Lets take a look at the model with pets in it

In [15]:
m3.summary()

0,1,2,3
Dep. Variable:,happiness,R-squared:,0.197
Model:,OLS,Adj. R-squared:,0.163
Method:,Least Squares,F-statistic:,5.822
Date:,"Thu, 17 Dec 2020",Prob (F-statistic):,0.000311
Time:,11:47:35,Log-Likelihood:,-174.88
No. Observations:,100,AIC:,359.8
Df Residuals:,95,BIC:,372.8
Df Model:,4,,
Covariance Type:,nonrobust,,

0,1,2,3,4,5,6
,coef,std err,t,P>|t|,[0.025,0.975]
Intercept,5.7854,1.903,3.041,0.003,2.008,9.563
gender[T.Male],-0.1427,0.312,-0.458,0.648,-0.761,0.476
age,-0.1115,0.073,-1.525,0.131,-0.257,0.034
friends,0.1713,0.055,3.120,0.002,0.062,0.280
pets,0.3639,0.130,2.790,0.006,0.105,0.623

0,1,2,3
Omnibus:,0.717,Durbin-Watson:,1.848
Prob(Omnibus):,0.699,Jarque-Bera (JB):,0.832
Skew:,0.122,Prob(JB):,0.66
Kurtosis:,2.625,Cond.

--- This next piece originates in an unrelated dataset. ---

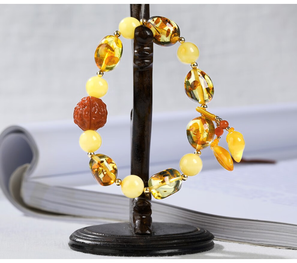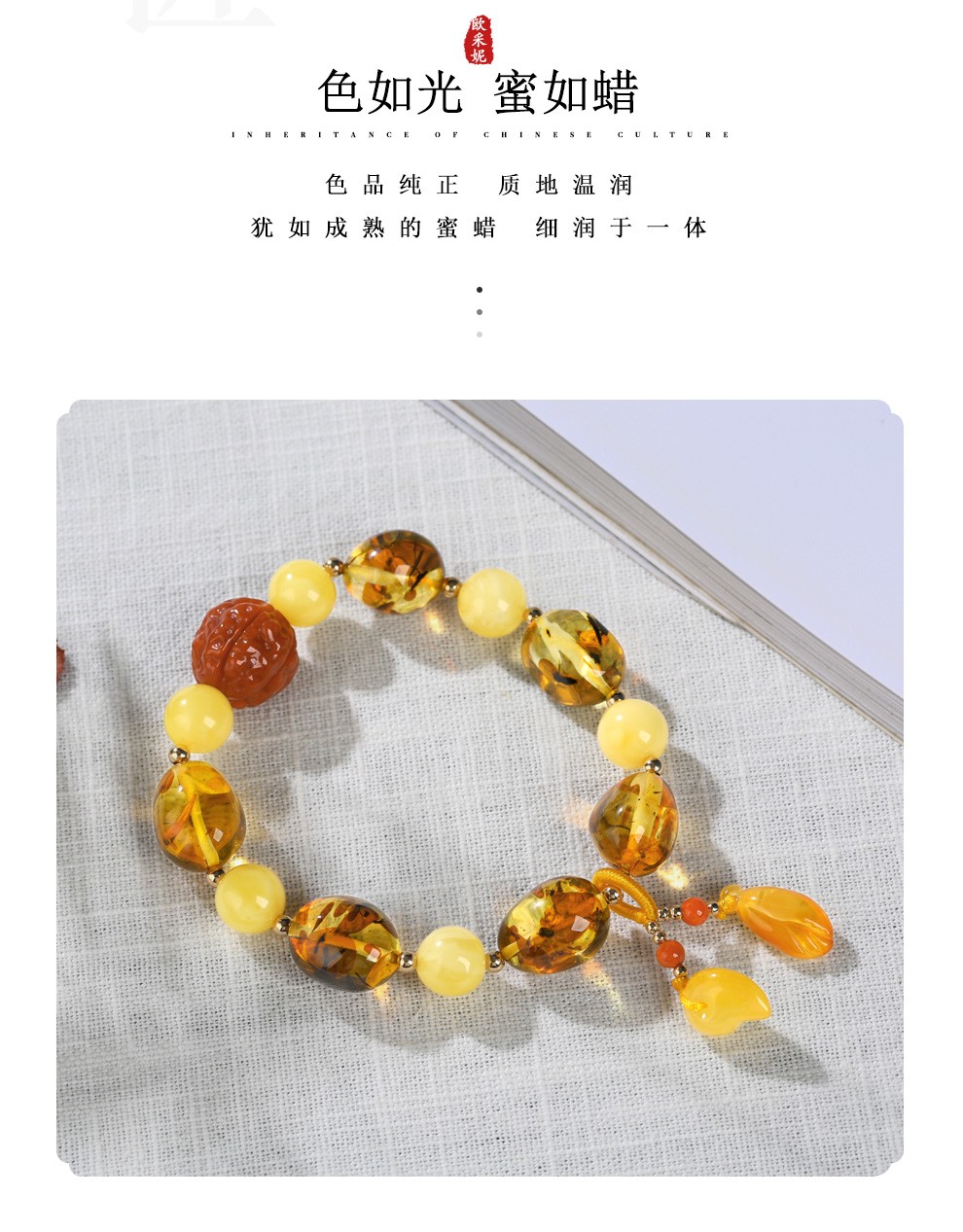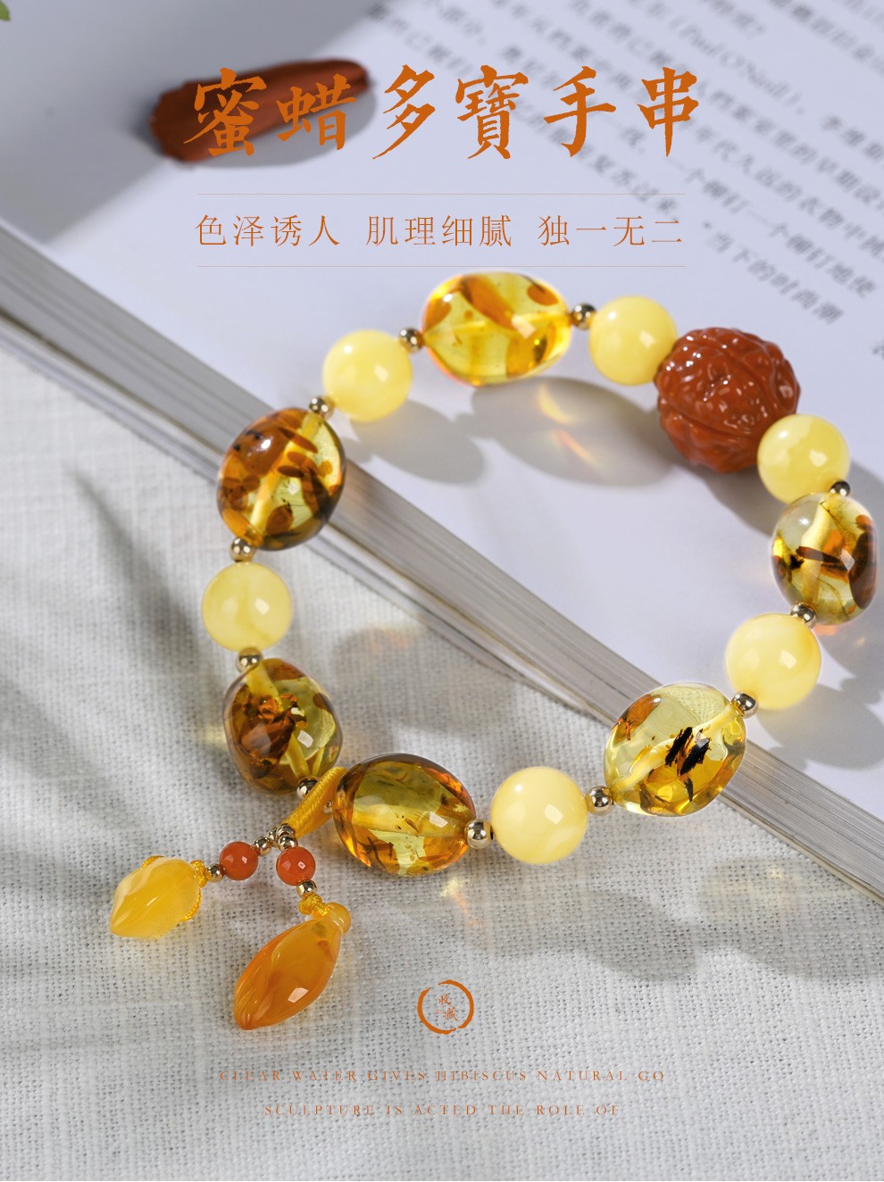 OUCERNY natural beeswax Duobao bracelet with shape amber chicken oil yellow beeswax bracelet southern red diamond with beeswax

No.,353.0


We can see from this regression model that pets have a positive association (I am from a psychology background!) to happiness, that when someone has (0.36) pets there happiness increases by one point.


We can also work out effect size for the pets now by using Cohen's $F^2$

$F^2 = (R^2 included - R^2 excluded) \div (1-R^2 included)$

So first lets build a function to calculate the $F^2$:

In [16]:
def cohensf(r2_included,r2_excluded):
    f= (r2_included-r2_excluded)/(1-r2_included)
    return f

Now lets get the r2 from the two models with pets and without pets and assign them to a variable

In [27]:
r2_included=m3.rsquared
r2_excluded=m2.rsquared

print(f'R2 with pets = {r2_included} \nR2 without pets = {r2_excluded}')

R2 with pets = 0.19688008516445088 
R2 without pets = 0.13108474715995277


Finally lets get our Cohen's $F^2$:

In [31]:
f2= cohensf(r2_included,r2_excluded)
print(f'f2 is {f2}')

f2 is 0.0819246749944816


This is a tiny effect size and shows that pets are a statistically significant explainer of the variation in happiness, however the amount of variation it explains isn't great.